Keeping tabs on what billionaire hedge fund managers do is a great way to check your investment strategy. While blindly following them isn't advisable, seeing what they're doing and checking that against your own thoughts is a good way of seeing if you're on the same page, especially when there's a hot trend like artificial intelligence (AI).

The 13F filings for Q1 were recently released, revealing some common themes across hedge funds. While many stocks were bought, one is a clear favorite.

Alphabet was a common purchase among all three hedge funds

I'll focus on three hedge funds: Tiger Global Management, Soros Fund Management, and Bridgewater Associates. These funds are run by billionaires Chase Coleman, George Soros, and Ray Dalio, respectively. In Q1, all three of these funds had sizable purchases of Alphabet (GOOG 0.92%) (GOOGL 0.93%). For Bridgewater and Tiger, Alphabet was the most purchased stock in Q1.

This is a large nod of confidence to Alphabet, especially since many saw it struggle to roll out AI products initially. However, its Gemini generative AI technology has dramatically improved and is now starting to integrate AI into search results to summarize what you've searched for. Many investors have been waiting for Alphabet to announce this technology, and now that it has, it reinforces the fact that Alphabet is a top player in the tech world.

But that wasn't the only AI stock these hedge funds were buying.

Bridgewater also bought Nvidia (NVDA 1.75%) and Meta Platforms (META 0.11%). While Tiger Global didn't buy any of these stocks in Q1, it's already heavily exposed, as Meta and Nvidia make up nearly 20% and 5% of its portfolio, respectively. As a result, it shouldn't be surprising that Tiger didn't add any more of these stocks due to its hefty concentration already. Soros Fund Management doesn't own either of these companies, but it isn't as tech-heavy as the other two.

Meta is similar to Alphabet in that its primary business is advertising. So to improve its standing in this field, Meta has rolled out generative AI tools to advertisers, and is also starting to develop its own chips to process its AI workloads.

Nvidia hardly needs any introduction in the AI world, as its graphics processing units (GPUs) are at the core of training and processing AI models. Despite its massive rise already, Nvidia continues to see incredibly strong demand, which will continue until all AI infrastructure is built.

With billionaires buying these three stocks, investors might be prompted to buy them now. However, these stocks were purchased between the start of the year and March 31, so it has been nearly two months since this activity occurred. So are they still buys now?

Meta and Alphabet are still reasonably priced stocks

All three of these businesses are mature companies undergoing drastic changes. So I'll use their forward price-to-earnings (P/E) ratios to value them, because it considers the business shifts occurring.

GOOGL PE Ratio (Forward) Chart

GOOGL PE Ratio (Forward) data by YCharts

Nvidia trades at a healthy premium to Meta and Alphabet simply because it's rapidly growing and has the potential to do that for many years. This makes Nvidia one of the harder stocks to assess on the stock market.

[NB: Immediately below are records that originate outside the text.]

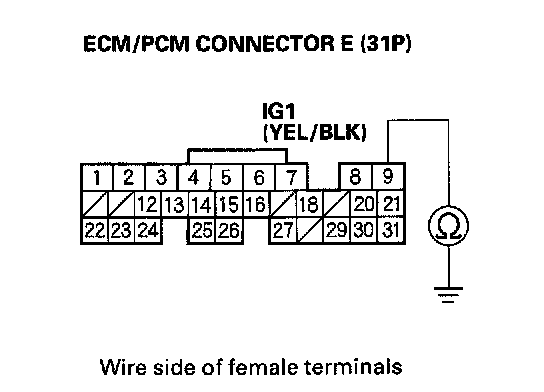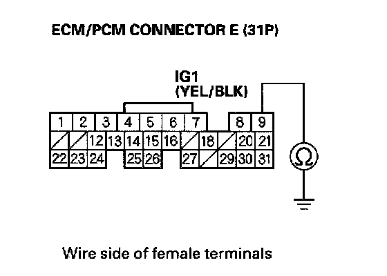 25. Check for continuity between ECM/PCM connector terminal E9 and body ground.
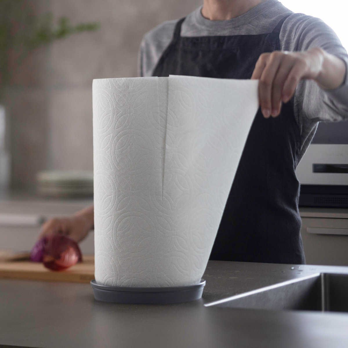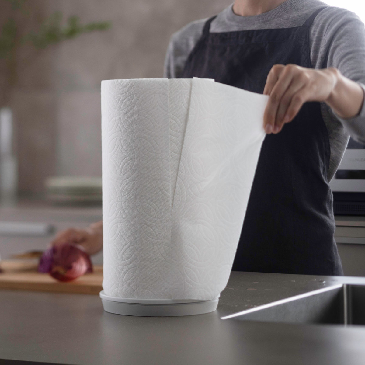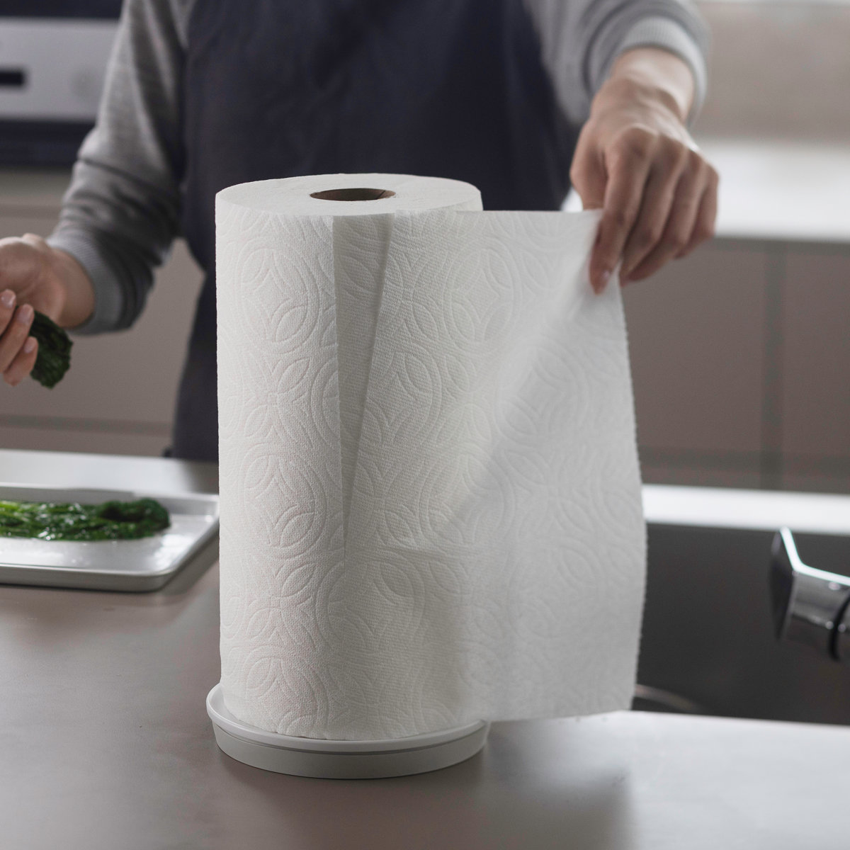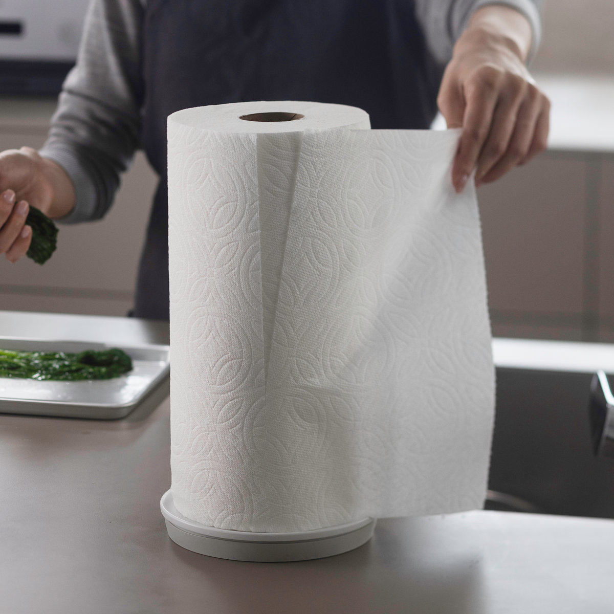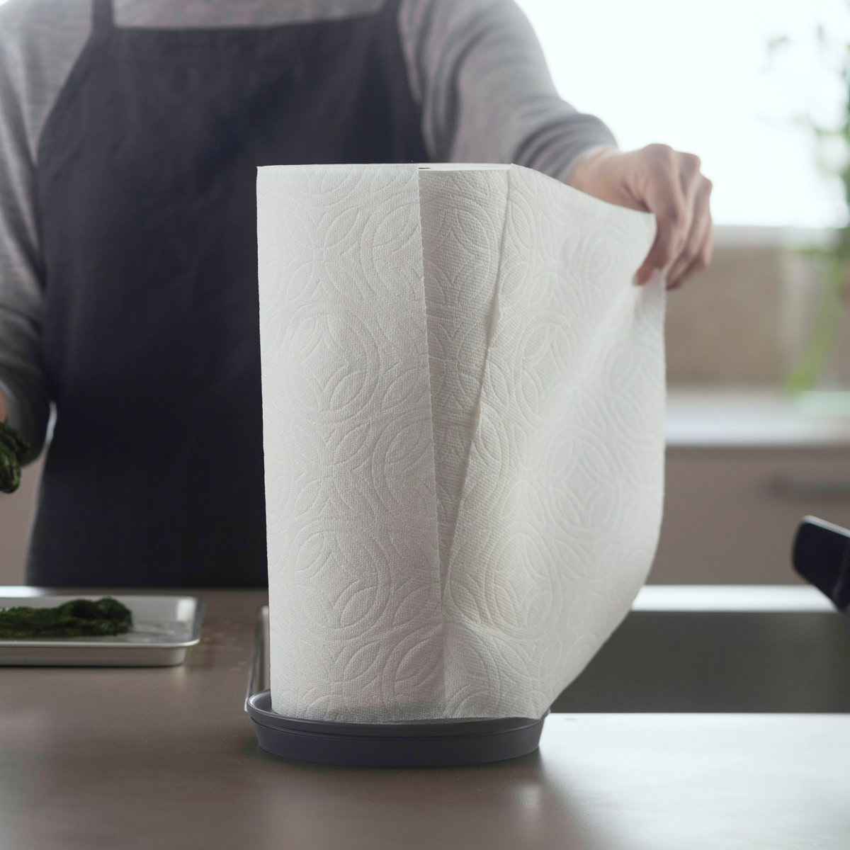 ベースがキッチンペーパー1つ分の大きさだから、コンパクトに設置ができて、さまざまなキッチンペーパーに対応可能です。
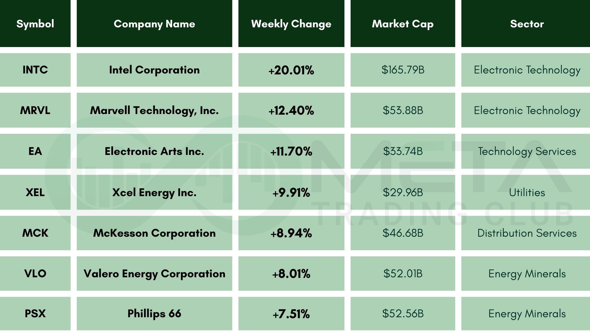 Last week saw a remarkable stock market performance, with several companies standing out as top gainers:

Alphabet and Meta trade at much more reasonable valuations and only hold slight premiums to the broader S&P 500's forward P/E of 21.6.Still, each posted solid earnings growth in Q1 (Alphabet's earnings per share rose 62%, while Meta's rose 120%), so they are on the right track.

Of the three, Alphabet and Meta are probably the biggest no-brainer buys. They are executing at a high level and can be purchased at a reasonable price. Nvidia requires more work, and investors must understand the expectations built into the stock, as they are quite high. But it may still be a viable option for investors to scoop up.